Look through the entries below for the line with "活动现场,志愿者化身讲师,用" and the line with "El escritor y", then give again exactly those two lines and all lines between them, minus the pictures.
++++ SUPPLIED MATERIAL ++++
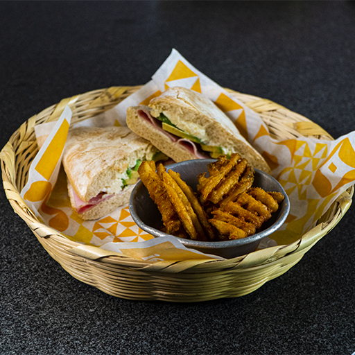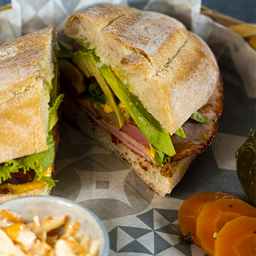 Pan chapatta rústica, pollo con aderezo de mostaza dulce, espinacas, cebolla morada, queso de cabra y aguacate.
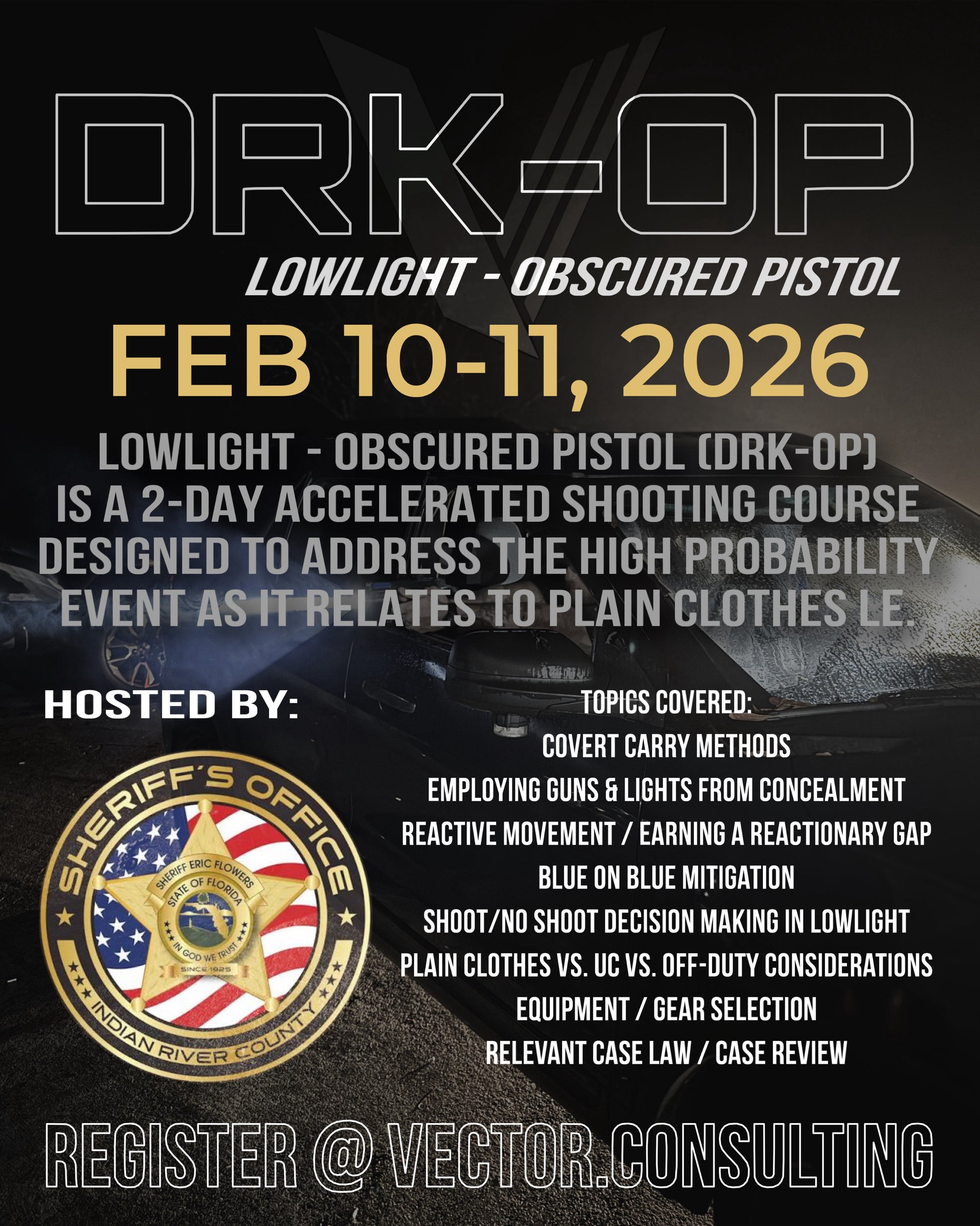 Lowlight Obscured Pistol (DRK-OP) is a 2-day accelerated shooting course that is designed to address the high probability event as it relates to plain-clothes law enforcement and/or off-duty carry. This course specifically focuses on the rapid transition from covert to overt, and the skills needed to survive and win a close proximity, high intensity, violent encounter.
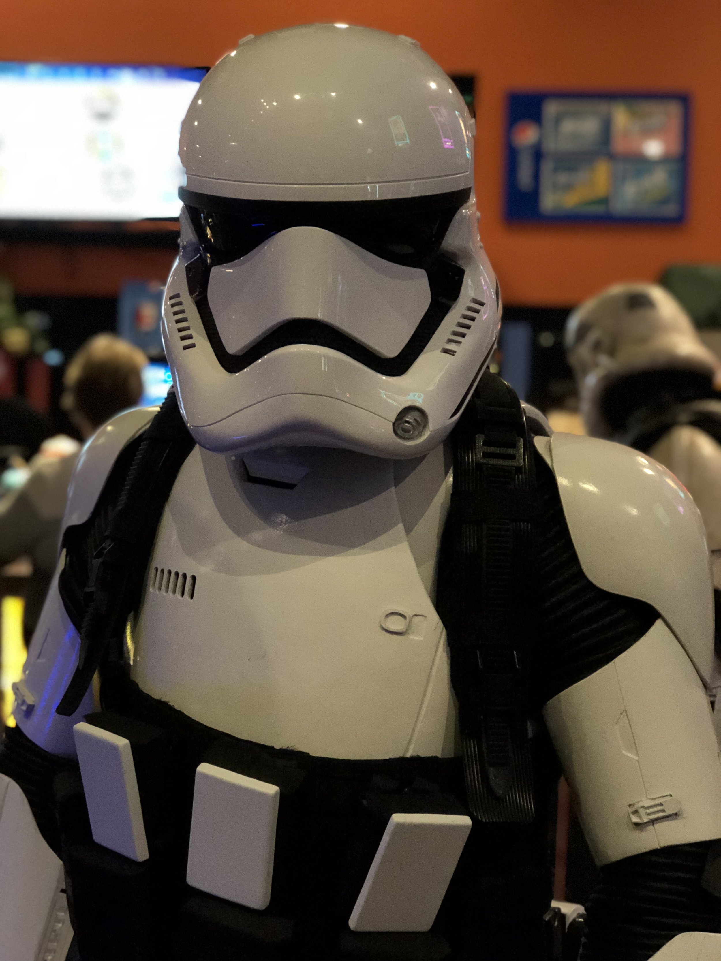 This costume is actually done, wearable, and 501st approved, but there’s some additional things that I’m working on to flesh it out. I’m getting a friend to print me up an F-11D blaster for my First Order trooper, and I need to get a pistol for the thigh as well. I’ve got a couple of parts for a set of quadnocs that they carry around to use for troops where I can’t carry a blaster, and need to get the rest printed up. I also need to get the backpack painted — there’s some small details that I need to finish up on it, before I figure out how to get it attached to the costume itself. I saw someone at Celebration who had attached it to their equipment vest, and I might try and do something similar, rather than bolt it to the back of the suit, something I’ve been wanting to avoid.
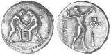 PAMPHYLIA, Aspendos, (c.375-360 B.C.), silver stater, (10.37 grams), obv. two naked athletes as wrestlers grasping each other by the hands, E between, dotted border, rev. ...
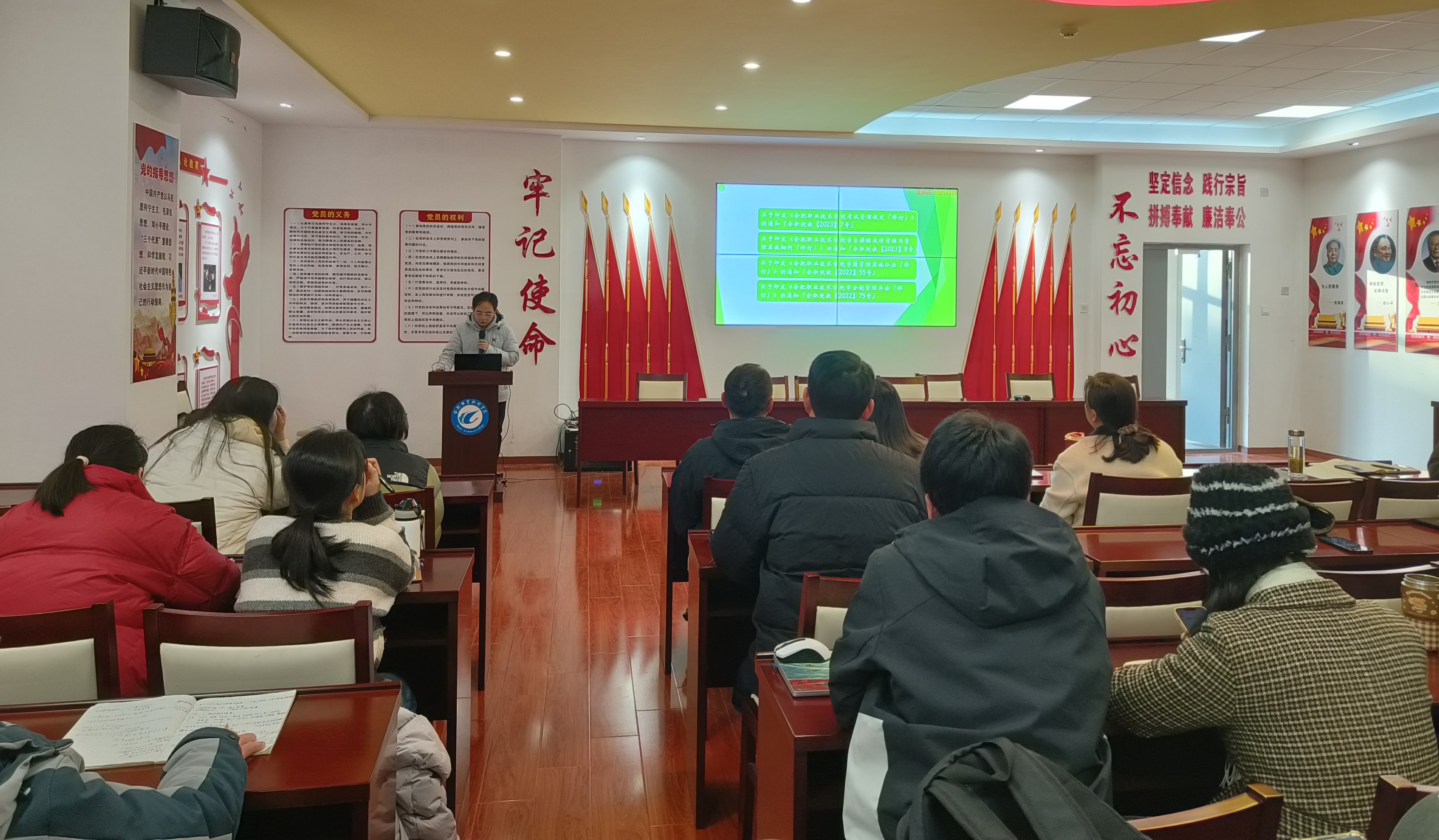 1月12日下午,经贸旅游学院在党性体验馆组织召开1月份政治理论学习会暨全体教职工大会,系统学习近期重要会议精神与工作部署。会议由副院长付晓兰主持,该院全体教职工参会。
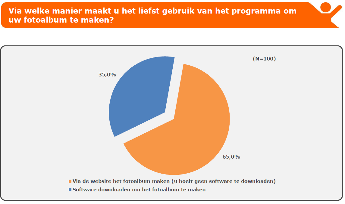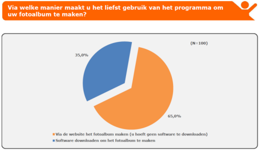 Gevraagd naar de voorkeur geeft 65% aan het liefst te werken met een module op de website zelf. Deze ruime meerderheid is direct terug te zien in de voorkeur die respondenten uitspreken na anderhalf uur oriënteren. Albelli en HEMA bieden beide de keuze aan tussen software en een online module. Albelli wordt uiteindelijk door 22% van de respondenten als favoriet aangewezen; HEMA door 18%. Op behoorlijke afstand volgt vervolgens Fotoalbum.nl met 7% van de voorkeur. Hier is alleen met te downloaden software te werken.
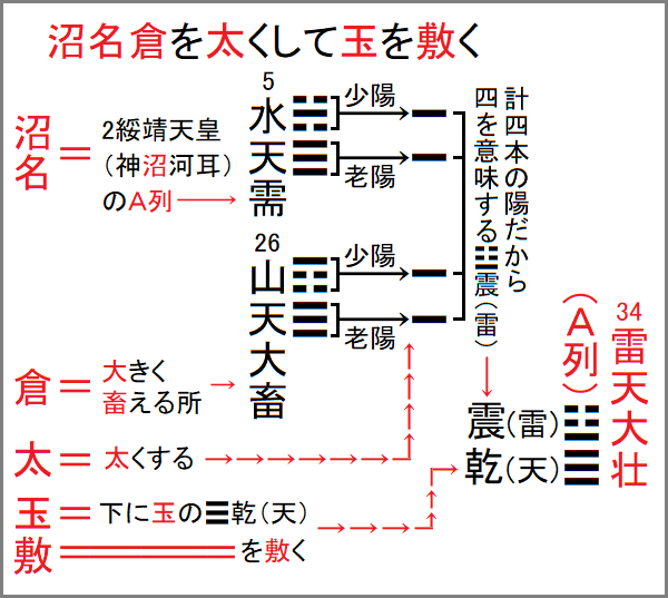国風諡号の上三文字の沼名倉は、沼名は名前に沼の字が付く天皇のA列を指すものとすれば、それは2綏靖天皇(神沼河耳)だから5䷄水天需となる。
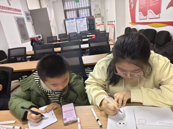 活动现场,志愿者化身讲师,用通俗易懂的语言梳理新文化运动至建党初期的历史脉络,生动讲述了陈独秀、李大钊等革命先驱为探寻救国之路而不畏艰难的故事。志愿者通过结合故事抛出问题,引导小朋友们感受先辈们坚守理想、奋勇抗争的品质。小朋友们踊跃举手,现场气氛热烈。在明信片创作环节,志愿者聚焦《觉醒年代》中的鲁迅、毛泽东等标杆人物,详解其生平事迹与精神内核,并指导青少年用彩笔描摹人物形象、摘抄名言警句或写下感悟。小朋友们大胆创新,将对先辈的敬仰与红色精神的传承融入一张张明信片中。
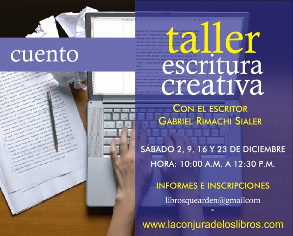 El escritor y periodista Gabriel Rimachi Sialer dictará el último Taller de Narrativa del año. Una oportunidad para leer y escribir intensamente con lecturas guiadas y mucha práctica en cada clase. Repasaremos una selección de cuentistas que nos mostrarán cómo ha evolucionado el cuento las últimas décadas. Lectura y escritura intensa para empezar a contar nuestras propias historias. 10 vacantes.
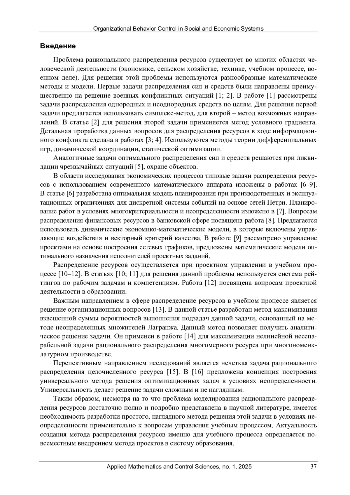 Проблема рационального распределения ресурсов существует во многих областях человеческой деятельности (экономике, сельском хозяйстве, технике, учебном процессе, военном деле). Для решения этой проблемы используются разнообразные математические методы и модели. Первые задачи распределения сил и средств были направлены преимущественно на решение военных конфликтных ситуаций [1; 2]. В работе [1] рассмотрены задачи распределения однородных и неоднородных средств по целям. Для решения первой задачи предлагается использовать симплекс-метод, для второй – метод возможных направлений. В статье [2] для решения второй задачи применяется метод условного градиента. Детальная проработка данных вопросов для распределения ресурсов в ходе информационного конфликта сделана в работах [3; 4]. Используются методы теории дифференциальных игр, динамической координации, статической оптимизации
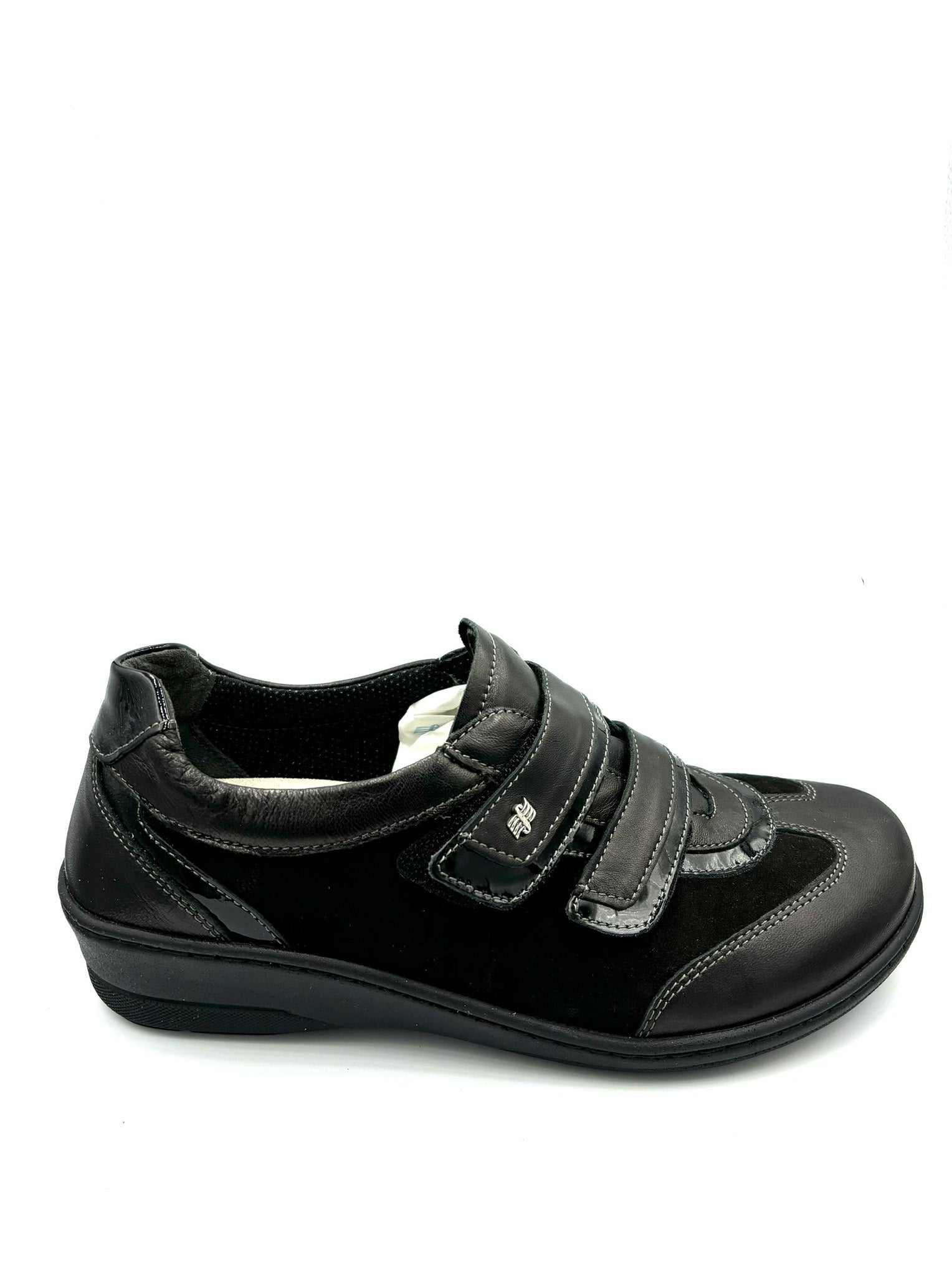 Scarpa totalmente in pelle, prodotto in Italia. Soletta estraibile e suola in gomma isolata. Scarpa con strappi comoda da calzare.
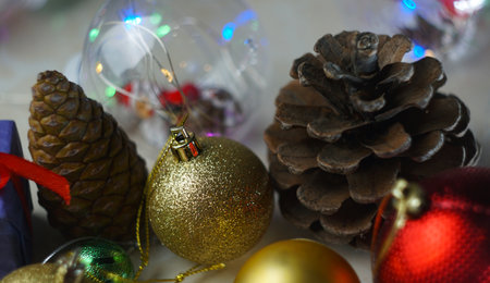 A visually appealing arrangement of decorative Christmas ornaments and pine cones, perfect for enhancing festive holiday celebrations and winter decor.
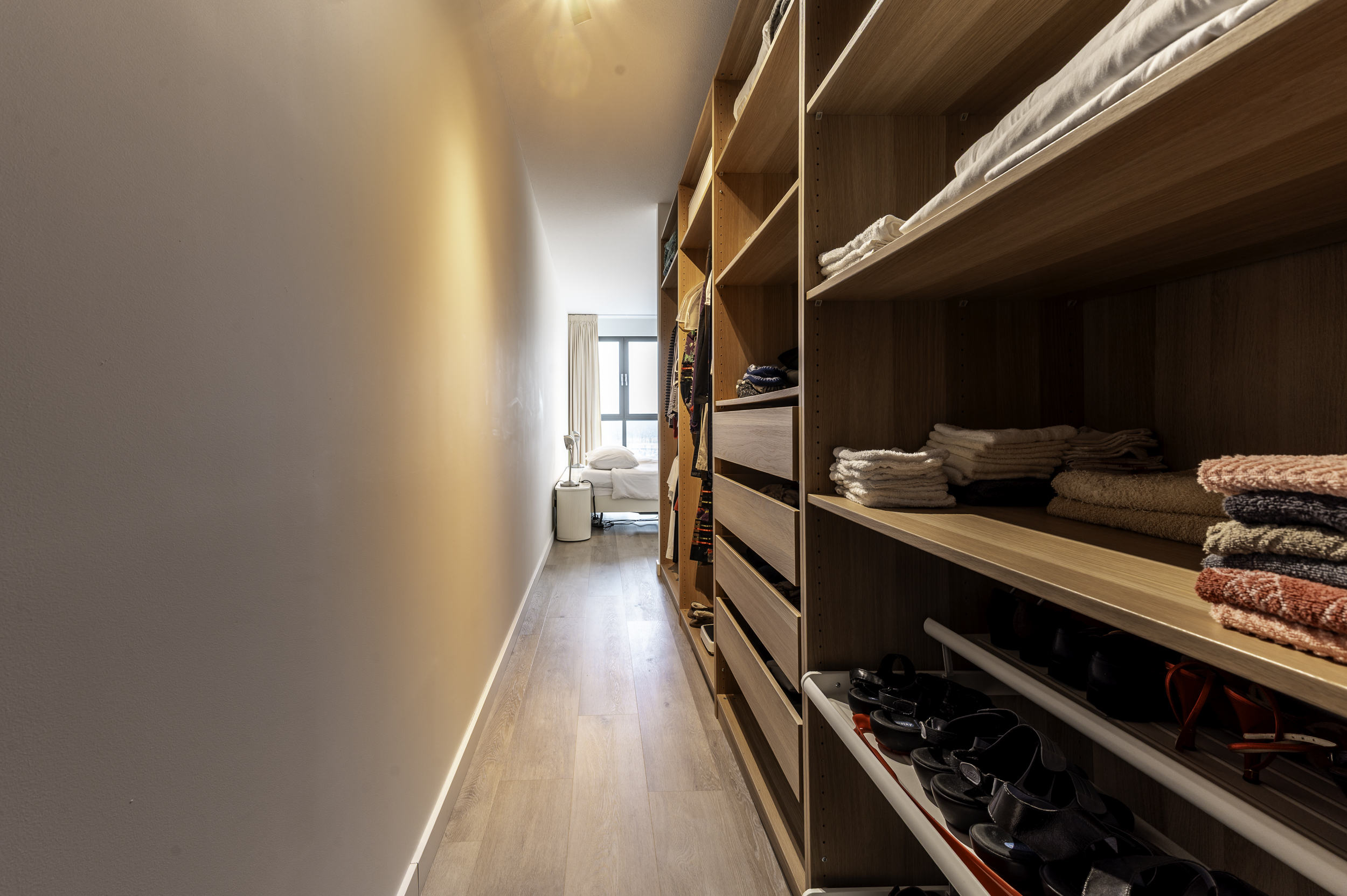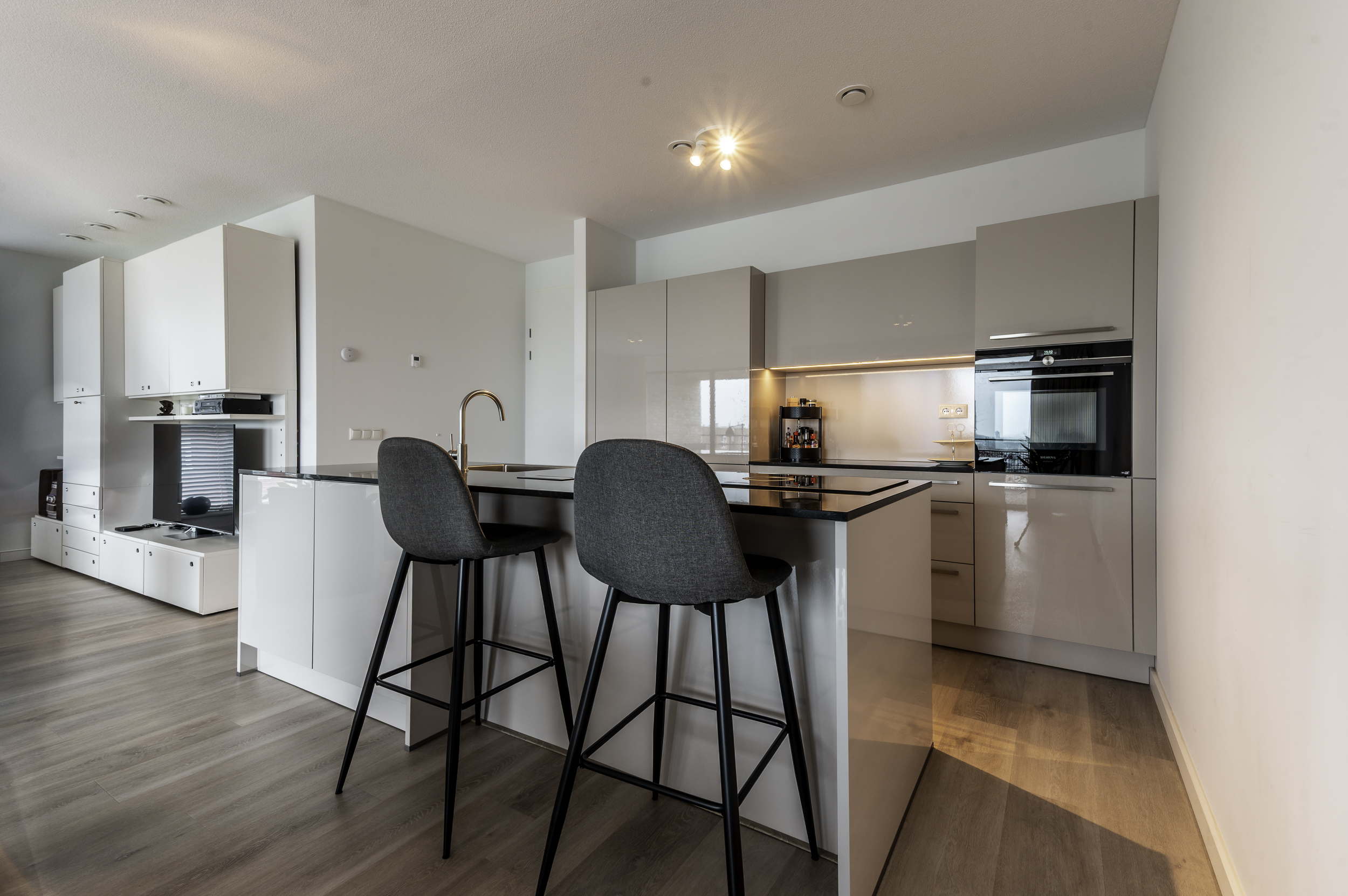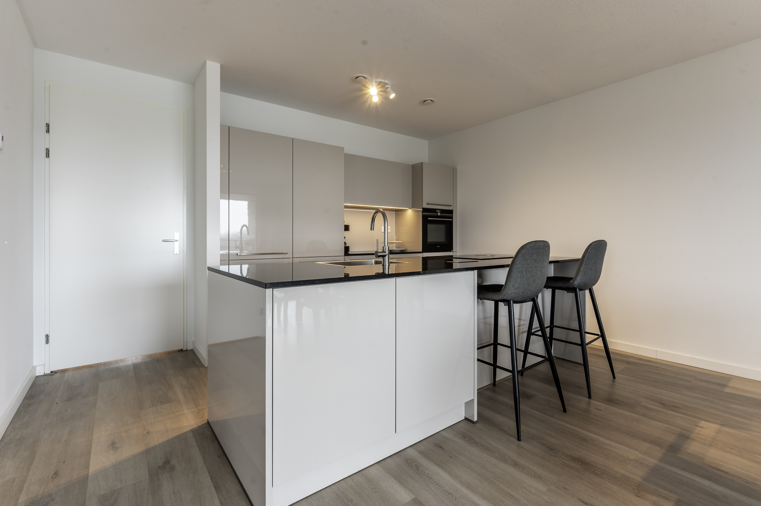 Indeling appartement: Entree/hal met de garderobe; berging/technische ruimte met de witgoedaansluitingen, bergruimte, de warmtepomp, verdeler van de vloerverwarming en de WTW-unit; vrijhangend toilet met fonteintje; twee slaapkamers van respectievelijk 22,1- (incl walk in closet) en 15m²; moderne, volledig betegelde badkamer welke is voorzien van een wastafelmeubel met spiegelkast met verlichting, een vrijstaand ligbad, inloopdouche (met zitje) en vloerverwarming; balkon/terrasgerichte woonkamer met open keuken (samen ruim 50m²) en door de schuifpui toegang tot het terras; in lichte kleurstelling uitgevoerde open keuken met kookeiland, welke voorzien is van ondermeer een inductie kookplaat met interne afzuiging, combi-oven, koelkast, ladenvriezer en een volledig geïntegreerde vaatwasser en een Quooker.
++++
**YOUR SOLUTION**
 活动现场,志愿者化身讲师,用通俗易懂的语言梳理新文化运动至建党初期的历史脉络,生动讲述了陈独秀、李大钊等革命先驱为探寻救国之路而不畏艰难的故事。志愿者通过结合故事抛出问题,引导小朋友们感受先辈们坚守理想、奋勇抗争的品质。小朋友们踊跃举手,现场气氛热烈。在明信片创作环节,志愿者聚焦《觉醒年代》中的鲁迅、毛泽东等标杆人物,详解其生平事迹与精神内核,并指导青少年用彩笔描摹人物形象、摘抄名言警句或写下感悟。小朋友们大胆创新,将对先辈的敬仰与红色精神的传承融入一张张明信片中。
 El escritor y periodista Gabriel Rimachi Sialer dictará el último Taller de Narrativa del año. Una oportunidad para leer y escribir intensamente con lecturas guiadas y mucha práctica en cada clase. Repasaremos una selección de cuentistas que nos mostrarán cómo ha evolucionado el cuento las últimas décadas. Lectura y escritura intensa para empezar a contar nuestras propias historias. 10 vacantes.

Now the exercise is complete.